Like most EVIL cameras, the NX100 offers almost as many options and manual setting that one would find on a dSLR. However, don't let that scare you beginners off. The NX100 can be as simple to use as any point-n-shoot. This is possible thanks to Samsung including their Smart Auto exposure mode, which takes all the guesswork out of the photography process. Basically, this fully automatic exposure program turns the NX100 into a simple to use digicam that just about anyone can pick up and start taking great snapshots with. Along with your typical automatic selections of exposure settings like shutter speed, ISO, aperture, etc., Smart Auto also uses intelligent scene recognition. Here the camera will analyze the scene or subject you are framing, and almost instantly choose the best Scene mode setting to create the best possible photos. Or, you can also manually choose from 14 different scene mode settings by rotating the mode dial to the Scene position.

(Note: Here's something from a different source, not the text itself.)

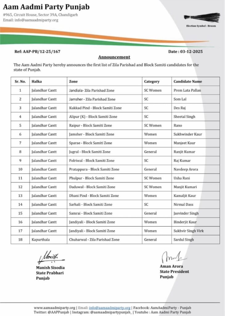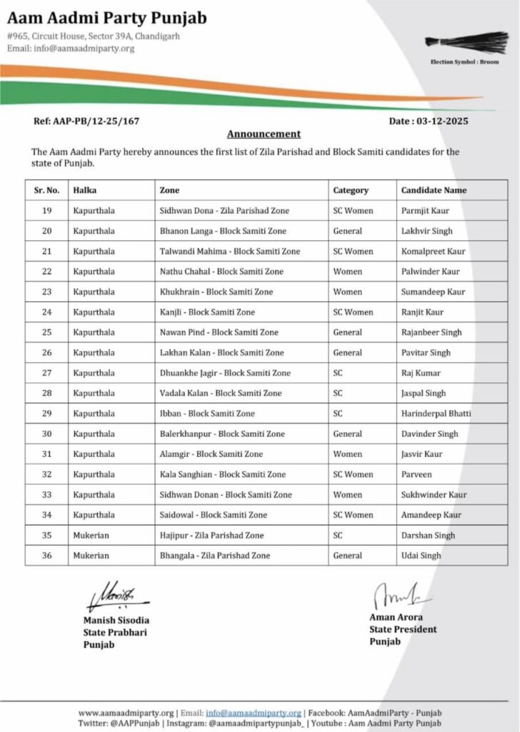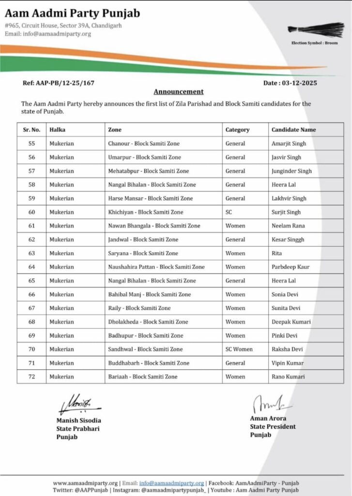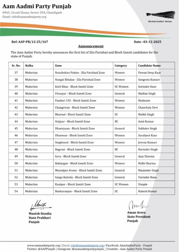 AAP ਵਲੋਂ ਪੰਜਾਬ ‘ਚ ਜ਼ਿਲ੍ਹਾ ਪ੍ਰੀਸ਼ਦ ਅਤੇ ਬਲਾਕ ਸੰਮਤੀ ਚੋਣਾਂ ਲਈ ਉਮੀਦਵਾਰਾਂ ਦੀ ਪਹਿਲੀ ਸੂਚੀ ਜਾਰੀ ਚੰਡੀਗੜ੍ਹ ਪੰਜਾਬ ਦਸੰਬਰ 3, 2025ਦਸੰਬਰ 3, 2025BolePunjab.comLeave a Comment on AAP ਵਲੋਂ ਪੰਜਾਬ ‘ਚ ਜ਼ਿਲ੍ਹਾ ਪ੍ਰੀਸ਼ਦ ਅਤੇ ਬਲਾਕ ਸੰਮਤੀ ਚੋਣਾਂ ਲਈ ਉਮੀਦਵਾਰਾਂ ਦੀ ਪਹਿਲੀ ਸੂਚੀ ਜਾਰੀ ਚੰਡੀਗੜ੍ਹ, 3 ਦਸੰਬਰ, ਬੋਲੇ ਪੰਜਾਬ ਬਿਊਰੋ : ਆਮ ਆਦਮੀ ਪਾਰਟੀ ਵਲੋਂ ਪੰਜਾਬ ਵਿੱਚ ਜ਼ਿਲ੍ਹਾ ਪ੍ਰੀਸ਼ਦ ਅਤੇ ਬਲਾਕ ਸੰਮਤੀ ਚੋਣਾਂ ਲਈ ਉਮੀਦਵਾਰਾਂ ਦੀ ਪਹਿਲੀ ਸੂਚੀ ਦਾ ਐਲਾਨ ਕੀਤਾ ਗਿਆ ਹੈ।ਜੋ ਹੇਠ ਲਿਖੇ ਅਨੁਸਾਰ ਹੈ।ਪਾਰਟੀ ਨੇ ਸਾਰੇ ਉਮੀਦਵਾਰਾਂ ਨੂੰ ਸ਼ੁਭਕਾਮਨਾਵਾਂ ਦਿੱਤੀਆਂ ਹਨ। Screenshot Screenshot Screenshot Screenshot Related Postਪੰਜਾਬ ਨੇ ਸਕੂਲ ਅਧਿਆਪਕਾਂ ਨੂੰ ਕਰੀਅਰ ਮੈਂਟਰ ਵਜੋਂ ਸਿਖਲਾਈ ਦੇਣ ਲਈ ਆਈ.ਆਈ.ਟੀ. ਮਦਰਾਸ ਨਾਲ ਹੱਥ ਮਿਲਾਇਆਦਸੰਬਰ 5, 2025ਪੰਜਾਬ ਵਿੱਚ ਜ਼ਿਲ੍ਹਾ ਪ੍ਰੀਸ਼ਦ ਚੋਣਾਂ ਨੂੰ ਲੈ ਕੇ ਕਾਂਗਰਸ ਨੇ ਹਾਈ ਕੋਰਟ ਦਾ ਦਰਵਾਜ਼ਾ ਖੜਕਾਇਆਦਸੰਬਰ 5, 2025ਚੰਡੀਗੜ੍ਹ ਪੁਲਿਸ ਦੇ ਸ਼ਰਾਬੀ ASI ਨੇ 10 ਵਾਹਨਾਂ ਨੂੰ ਮਾਰੀ ਟੱਕਰਦਸੰਬਰ 5, 2025Latest Newsਪੰਜਾਬ ਨੇ ਸਕੂਲ ਅਧਿਆਪਕਾਂ ਨੂੰ ਕਰੀਅਰ ਮੈਂਟਰ ਵਜੋਂ ਸਿਖਲਾਈ ਦੇਣ ਲਈ ਆਈ.ਆਈ.ਟੀ. ਮਦਰਾਸ ਨਾਲ ਹੱਥ ਮਿਲਾਇਆਸੰਸਦ ਮੈਂਬਰ ਸ਼੍ਰੀ ਮਨੀਸ਼ ਤਿਵਾੜੀ ਨੇ ਲੋਕ ਸਭਾ ਵਿੱਚ ਹਰਿਆਣਾ, ਪੰਜਾਬ ਅਤੇ ਹਿਮਾਚਲ ਪ੍ਰਦੇਸ਼ ਦੇ ਡੈਮਾਂ ਦੀ ਡੀ-ਸਿਲਟਿੰਗ ਅਤੇ ਘਟਦੀ ਸਟੋਰੇਜ ਸਮਰੱਥਾ ਦਾ ਮੁੱਦਾ ਉਠਾਇਆਮੁੱਖ ਪ੍ਰਸ਼ਾਸ਼ਕ ਪੁੱਡਾ ਮੈਡਮ ਨੀਰੂ ਕਤਿਆਲ ਗੁਪਤਾ ਦੇ ਦਫਤਰ ਪੁੱਡਾ ਭਵਨ ਮੋਹਾਲੀ ਵਿਖੇ ਲੜੀਵਾਰ ਭੁੱਖ ਹੜਤਾਲਪੰਜਾਬ ਵਿੱਚ ਜ਼ਿਲ੍ਹਾ ਪ੍ਰੀਸ਼ਦ ਚੋਣਾਂ ਨੂੰ ਲੈ ਕੇ ਕਾਂਗਰਸ ਨੇ ਹਾਈ ਕੋਰਟ ਦਾ ਦਰਵਾਜ਼ਾ ਖੜਕਾਇਆਬਿਜਲੀ ਸੋਧ ਬਿਲ ਤੇ ਨਵੇਂ ਬੀਜ ਬਿੱਲ ਖਿਲਾਫ ਕਿਰਤੀ ਕਿਸਾਨ ਮੋਰਚਾ ਦੀ ਹੋਈ ਮੀਟਿੰਗPreviousNextLatest Newsਪੰਜਾਬ ਨੇ ਸਕੂਲ ਅਧਿਆਪਕਾਂ ਨੂੰ ਕਰੀਅਰ ਮੈਂਟਰ ਵਜੋਂ ਸਿਖਲਾਈ ਦੇਣ ਲਈ ਆਈ.ਆਈ.ਟੀ. ਮਦਰਾਸ ਨਾਲ ਹੱਥ ਮਿਲਾਇਆਸੰਸਦ ਮੈਂਬਰ ਸ਼੍ਰੀ ਮਨੀਸ਼ ਤਿਵਾੜੀ ਨੇ ਲੋਕ ਸਭਾ ਵਿੱਚ ਹਰਿਆਣਾ, ਪੰਜਾਬ ਅਤੇ ਹਿਮਾਚਲ ਪ੍ਰਦੇਸ਼ ਦੇ ਡੈਮਾਂ ਦੀ ਡੀ-ਸਿਲਟਿੰਗ ਅਤੇ ਘਟਦੀ ਸਟੋਰੇਜ ਸਮਰੱਥਾ ਦਾ ਮੁੱਦਾ ਉਠਾਇਆਮੁੱਖ ਪ੍ਰਸ਼ਾਸ਼ਕ ਪੁੱਡਾ ਮੈਡਮ ਨੀਰੂ ਕਤਿਆਲ ਗੁਪਤਾ ਦੇ ਦਫਤਰ ਪੁੱਡਾ ਭਵਨ ਮੋਹਾਲੀ ਵਿਖੇ ਲੜੀਵਾਰ ਭੁੱਖ ਹੜਤਾਲਪੰਜਾਬ ਵਿੱਚ ਜ਼ਿਲ੍ਹਾ ਪ੍ਰੀਸ਼ਦ ਚੋਣਾਂ ਨੂੰ ਲੈ ਕੇ ਕਾਂਗਰਸ ਨੇ ਹਾਈ ਕੋਰਟ ਦਾ ਦਰਵਾਜ਼ਾ ਖੜਕਾਇਆਬਿਜਲੀ ਸੋਧ ਬਿਲ ਤੇ ਨਵੇਂ ਬੀਜ ਬਿੱਲ ਖਿਲਾਫ ਕਿਰਤੀ ਕਿਸਾਨ ਮੋਰਚਾ ਦੀ ਹੋਈ ਮੀਟਿੰਗਪਾਈਟੈਕਸ ਵਿਖੇ ਅਪਾਹਜਾਂ ਅਤੇ ਬਜ਼ੁਰਗਾਂ ਲਈ ਵ੍ਹੀਲਚੇਅਰ ਦੀ ਸਹੂਲਤਚੰਡੀਗੜ੍ਹ ਪੁਲਿਸ ਦੇ ਸ਼ਰਾਬੀ ASI ਨੇ 10 ਵਾਹਨਾਂ ਨੂੰ ਮਾਰੀ ਟੱਕਰਪੰਜਾਬ ਵਿੱਚ ਰੇਲਵੇ ਪਟੜੀਆਂ ‘ਤੇ ਕਿਸਾਨਾਂ ਅਤੇ ਪੁਲਿਸ ਵਿਚਕਾਰ ਝੜਪਾਂਦੇਸ਼ ਭਗਤ ਯੂਨੀਵਰਸਿਟੀ ਨੇ ਕਰਵਾਈ ਅੰਤਰਰਾਸ਼ਟਰੀ ਕਾਨਫਰੰਸ ਅਤੇ ਅਗਾਂਹਵਧੂ ਕਿਸਾਨ ਮਿਲਣੀਆਮ ਆਦਮੀ ਪਾਰਟੀ ਵੱਲੋਂ ਨਾਮਜ਼ਦਗੀ ਪੱਤਰ ਦਾਖਲ ਕਰਨ ਦੌਰਾਨ ਸ਼ਰੇਆਮ ਗੁੰਡਾਗਰਦੀ ਦੀਆਂ ਘਟਨਾਵਾਂ ਅਤੇ ਚੋਣ ਪ੍ਰਕਿਰਿਆ ਦੌਰਾਨ ਸਰਕਾਰੀ ਮਸ਼ੀਨਰੀ ਦੀ ਕਥਿਤ ਦੁਰਵਰਤੋਂ ਲੋਕਤੰਤਰ ਲਈ ਖ਼ਤਰਨਾਕ – ਕੈਂਥ ਪੁਲਿਸ ਮੁਲਾਜ਼ਮਾਂ ‘ਤੇ ਵਰਦੀ ‘ਚ ਰੀਲਾਂ ਬਣਾਉਣ ‘ਤੇ ਲੱਗੀ ਪਾਬੰਦੀਜਲੰਧਰ ‘ਚ ਰੋਡਵੇਜ਼ ਬੱਸ ਨੇ ਸਕੂਟਰ ਨੂੰ ਟੱਕਰ ਮਾਰੀ, ਪੁੱਤ ਦੀ ਮੌਤ ਪਿਤਾ ਗੰਭੀਰ ਜ਼ਖ਼ਮੀ PreviousNext

For folks who have a bit more experience, the NX100 delivers. You can gain as little or as much control over the camera as you need or want, with settings like Program AE mode (automatic everything, but with access to more advanced settings), Aperture priority, Shutter speed priority, and full Manual mode. These settings will allow you to learn more about the photography process while you grow in your skill level as well as allow a degree of creativity that's not quite possible with most digicams.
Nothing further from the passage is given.